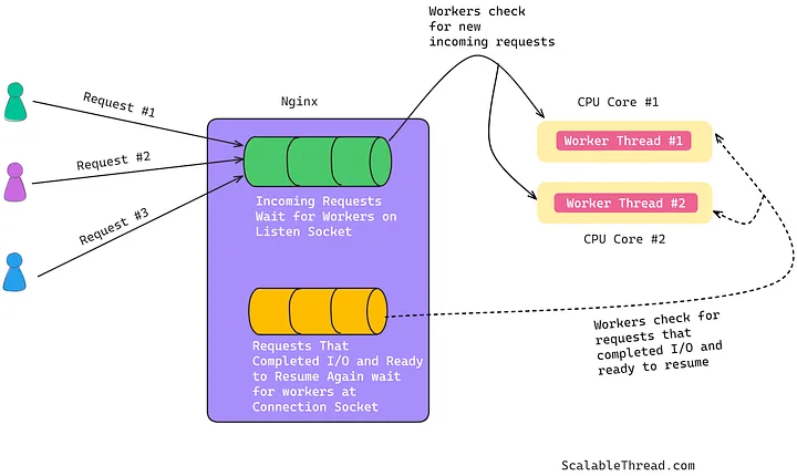 В отличие от традиционных серверов, на Nginx для каждого входящего запроса не создается отдельного процесса или потока. Каждым рабочим процессом прослушиваются события, генерируемые новыми входящими запросами. Рабочими процессами же принимаются запросы на подключение и начинается обработка.
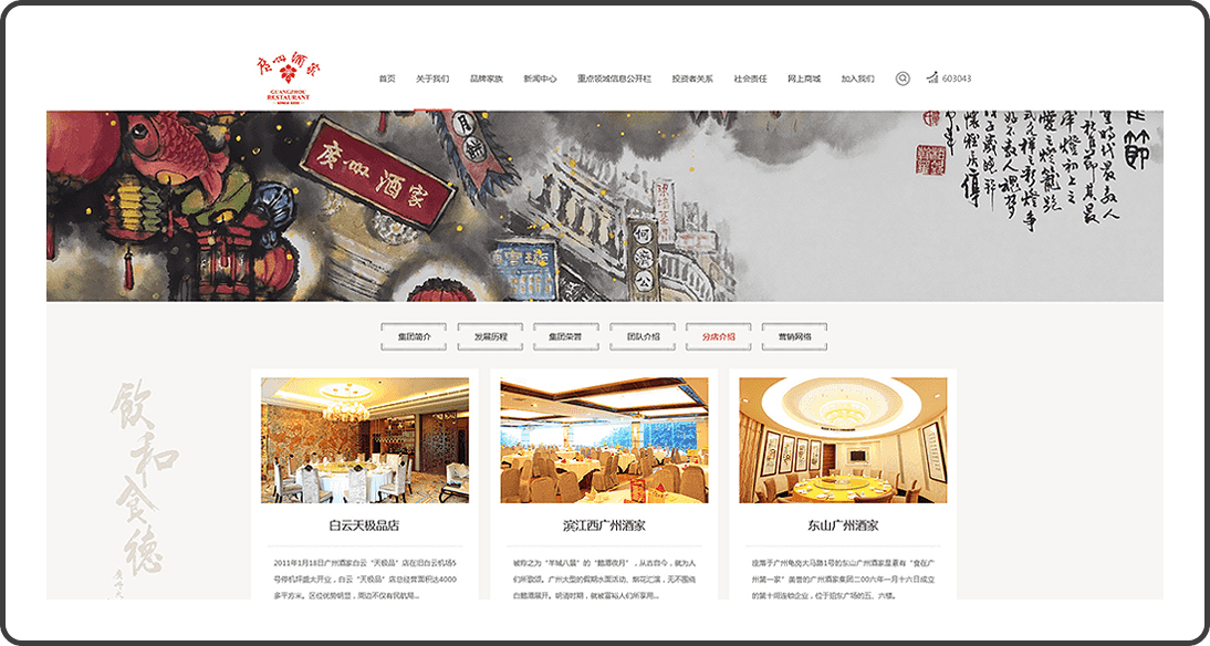通過(guò)網(wǎng)站的建設(shè),推行廣州酒家集團(tuán)將繼續(xù)堅(jiān)守“質(zhì)量,以質(zhì)取勝”的經(jīng)營(yíng)理念,秉承“誠(chéng)暖顧客心”的企業(yè)精神,奉行“弘揚(yáng)中華飲食文化”的企業(yè)使命,更廣泛的讓大眾了解企業(yè)的動(dòng)態(tài)和發(fā)展,并且公司能夠?qū)で笮詢r(jià)比化,達(dá)到經(jīng)濟(jì)效益、美感效益、實(shí)用效益的完美結(jié)合的企業(yè)形象。
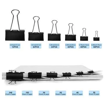 Show more Introducing the ultimate solution for every student, teacher, and professional: our 208 PCS High-Quality Black Binder Clips! These versatile clips come in 6 assorted sizes, providing flexibility for all your binding needs. Each set is neatly packed in 6 transparent boxes, making storage and access a breeze. Made from strong tempered steel, these clips are designed for durability and rust resistance, ensuring they can withstand daily use without faltering. The smooth powder coat finish and nickel-plated handles add to their longevity and style.
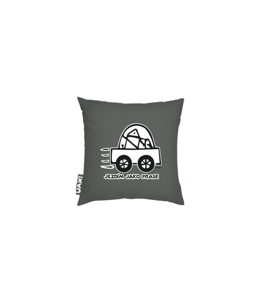 Vyrábíme udržitelné oblečení UAX! - ručně šité v Česku uaxDoplňky uaxDomácí design a doplňkyPolštářePOVLAK NA POLŠTÁŘ 20x20potisk 1072 - JEZDÍM JAKO PRASEDARK GRAY
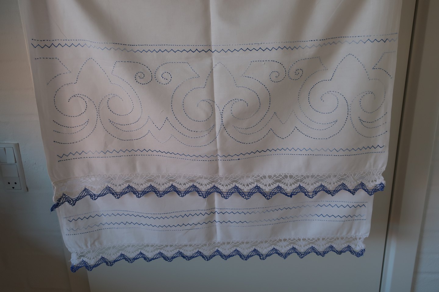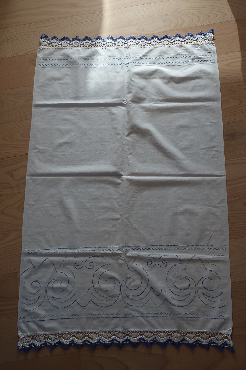 Schönes altes Paradestück mit blauer Stickerei - handgemacht
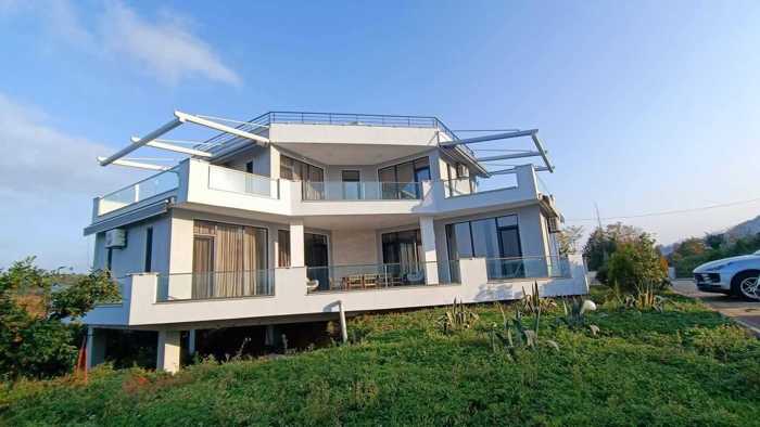 Продается видовая Вилла с ремонтом мебелью и техникой в Чакви (пригород Батуми). Все новое, никто не жил. Отличный вид на долину, горы, море. Солнечный большой 1350 кв.м. собственный участок земли с мандаринами, апельсинами, пальмами и тп.. Весь комплекс состоит из трех вилл на территории 5500 кв.м. на которой расположен двор, стоянка, бассейн, инфраструктура и много деревьев. Красивая и большая территория. 2 жилых этажа с террасами и огромная терраса на третьем этаже. Везде панорамные окна. Из каждой комнаты выход на террасы. Большая гостиная с кухней, 3 спальни, 3 санузла, кабинет(либо еще одна четвертая спальня). Батареи, газ. Подробно можно ознакомиться в моем видеоролике. Ссылка на видео в объявлении, отправлю по запросу актуальное более новое.
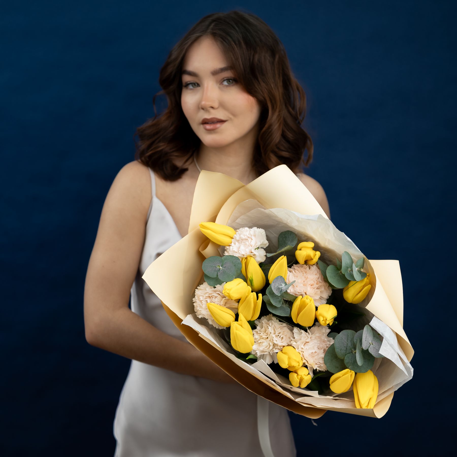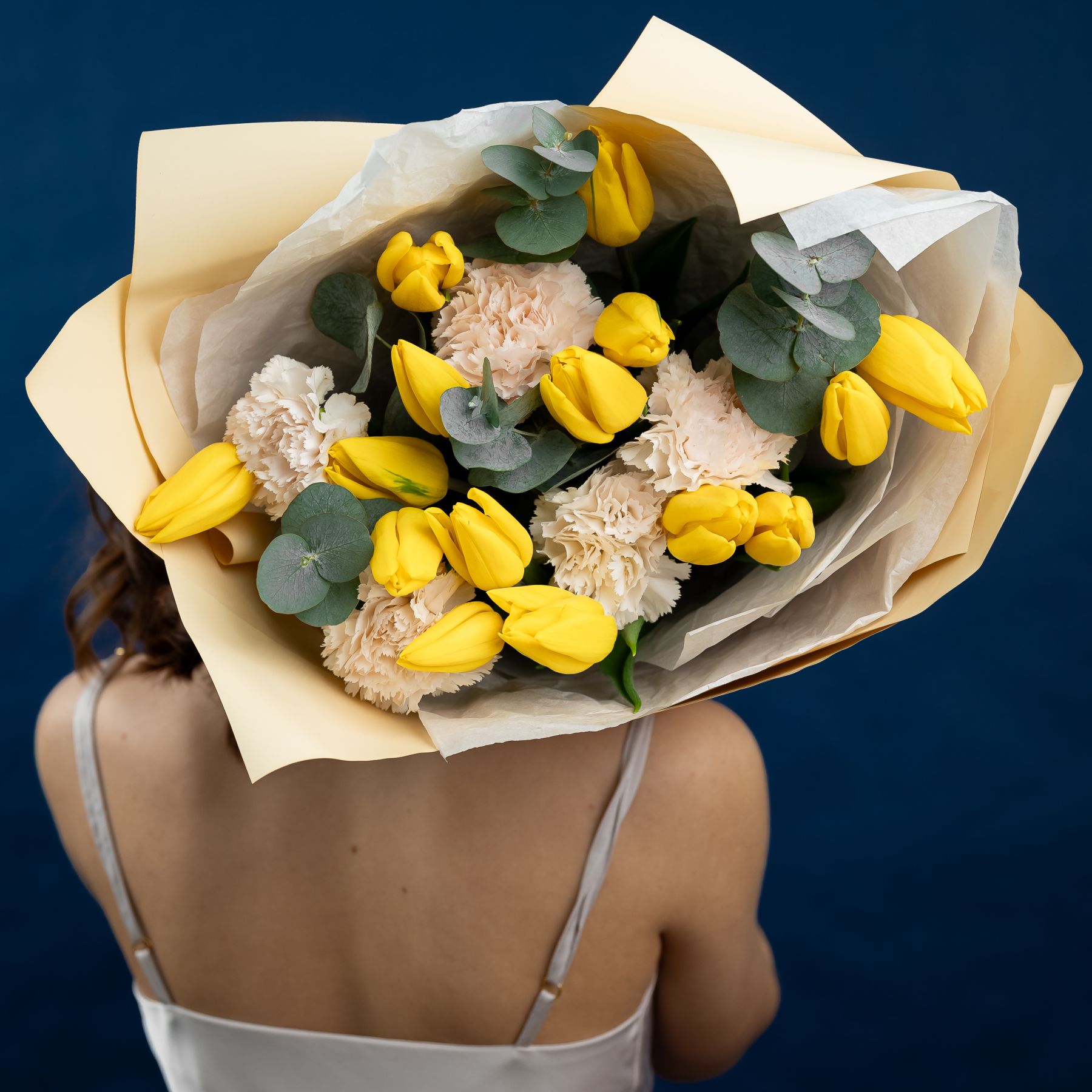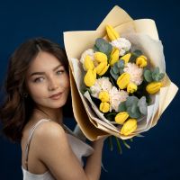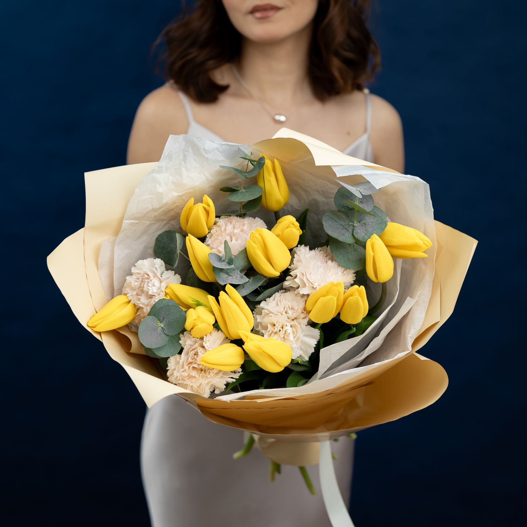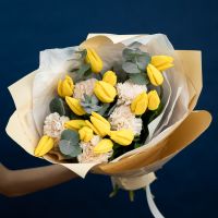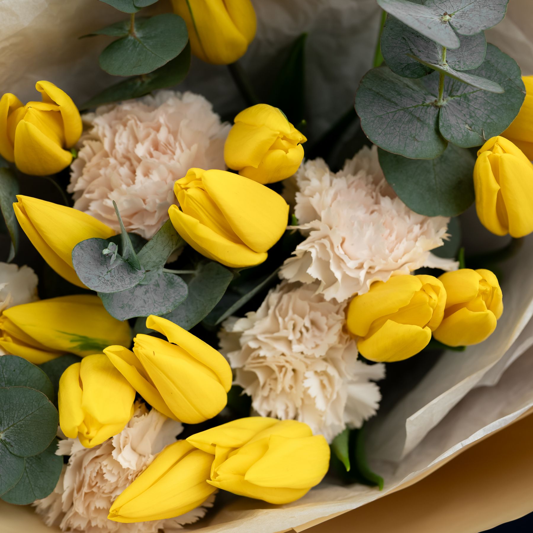 Желтые тюльпаны с диантусами и эвкалиптом
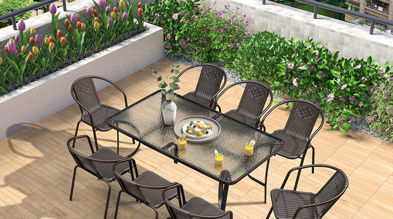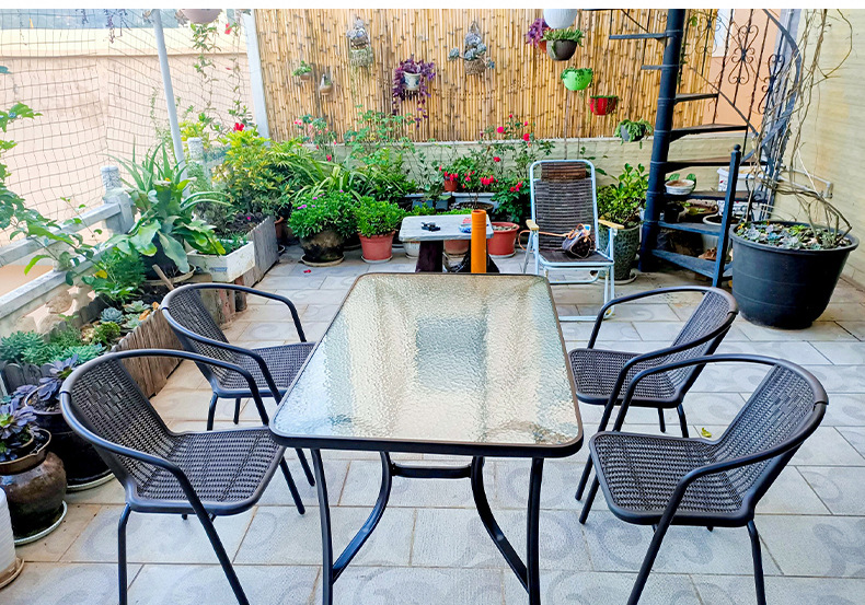 보라색 잎 야외 테이블과 의자 조합 안뜰 야외 철공 레저 의자 야외 테라스 야외 식탁 정원 식탁 및 의자
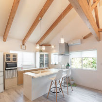 お子様の独立を機に、ご夫婦で心地よく過ごせる空間にとLDKを一新されたK様。ご希望だった明るさ・開放感を実現するために、キッチンをL型から吊り戸棚のないI型対面式に変更し、ダイニングを広めに確保。さらにリビングとダイニングの間にあった引き戸と垂れ壁をなくし、LDKをひとつながりの空間に仕上げています。横方向の広がりだけでなく縦方向への開放感も叶えているのが、解体工事で現れた旧居の美しい梁。その佇まいの美しさに感銘を受け、急遽プランを変更。現しにした梁を際立たせるため、天井を折り上げることでデザイン性の高い空間を生み出しました。「どこにいても気配と声が届くから、お互い好きなことをしながら会話も楽しめます」とK様ご夫婦は心豊かな日々をお過ごしです。施工店: 株式会社リライフ日興
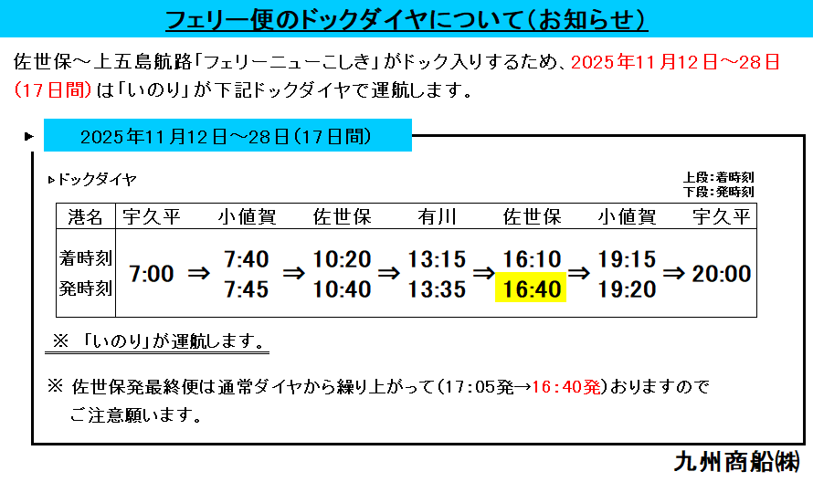 - 11月12日~28日【フェリーニューこしき】(佐世保~上五島 フェリー)

====================

AIM OF THE TASK: Word for word, quote the full listing, omitting every picture.

COMPLETED TASK:
 В отличие от традиционных серверов, на Nginx для каждого входящего запроса не создается отдельного процесса или потока. Каждым рабочим процессом прослушиваются события, генерируемые новыми входящими запросами. Рабочими процессами же принимаются запросы на подключение и начинается обработка.
通過(guò)網(wǎng)站的建設(shè),推行廣州酒家集團(tuán)將繼續(xù)堅(jiān)守“質(zhì)量,以質(zhì)取勝”的經(jīng)營(yíng)理念,秉承“誠(chéng)暖顧客心”的企業(yè)精神,奉行“弘揚(yáng)中華飲食文化”的企業(yè)使命,更廣泛的讓大眾了解企業(yè)的動(dòng)態(tài)和發(fā)展,并且公司能夠?qū)で笮詢r(jià)比化,達(dá)到經(jīng)濟(jì)效益、美感效益、實(shí)用效益的完美結(jié)合的企業(yè)形象。
 Show more Introducing the ultimate solution for every student, teacher, and professional: our 208 PCS High-Quality Black Binder Clips! These versatile clips come in 6 assorted sizes, providing flexibility for all your binding needs. Each set is neatly packed in 6 transparent boxes, making storage and access a breeze. Made from strong tempered steel, these clips are designed for durability and rust resistance, ensuring they can withstand daily use without faltering. The smooth powder coat finish and nickel-plated handles add to their longevity and style.
 Vyrábíme udržitelné oblečení UAX! - ručně šité v Česku uaxDoplňky uaxDomácí design a doplňkyPolštářePOVLAK NA POLŠTÁŘ 20x20potisk 1072 - JEZDÍM JAKO PRASEDARK GRAY
 Schönes altes Paradestück mit blauer Stickerei - handgemacht
 Продается видовая Вилла с ремонтом мебелью и техникой в Чакви (пригород Батуми). Все новое, никто не жил. Отличный вид на долину, горы, море. Солнечный большой 1350 кв.м. собственный участок земли с мандаринами, апельсинами, пальмами и тп.. Весь комплекс состоит из трех вилл на территории 5500 кв.м. на которой расположен двор, стоянка, бассейн, инфраструктура и много деревьев. Красивая и большая территория. 2 жилых этажа с террасами и огромная терраса на третьем этаже. Везде панорамные окна. Из каждой комнаты выход на террасы. Большая гостиная с кухней, 3 спальни, 3 санузла, кабинет(либо еще одна четвертая спальня). Батареи, газ. Подробно можно ознакомиться в моем видеоролике. Ссылка на видео в объявлении, отправлю по запросу актуальное более новое.
 Желтые тюльпаны с диантусами и эвкалиптом
 보라색 잎 야외 테이블과 의자 조합 안뜰 야외 철공 레저 의자 야외 테라스 야외 식탁 정원 식탁 및 의자
 お子様の独立を機に、ご夫婦で心地よく過ごせる空間にとLDKを一新されたK様。ご希望だった明るさ・開放感を実現するために、キッチンをL型から吊り戸棚のないI型対面式に変更し、ダイニングを広めに確保。さらにリビングとダイニングの間にあった引き戸と垂れ壁をなくし、LDKをひとつながりの空間に仕上げています。横方向の広がりだけでなく縦方向への開放感も叶えているのが、解体工事で現れた旧居の美しい梁。その佇まいの美しさに感銘を受け、急遽プランを変更。現しにした梁を際立たせるため、天井を折り上げることでデザイン性の高い空間を生み出しました。「どこにいても気配と声が届くから、お互い好きなことをしながら会話も楽しめます」とK様ご夫婦は心豊かな日々をお過ごしです。施工店: 株式会社リライフ日興
 - 11月12日~28日【フェリーニューこしき】(佐世保~上五島 フェリー)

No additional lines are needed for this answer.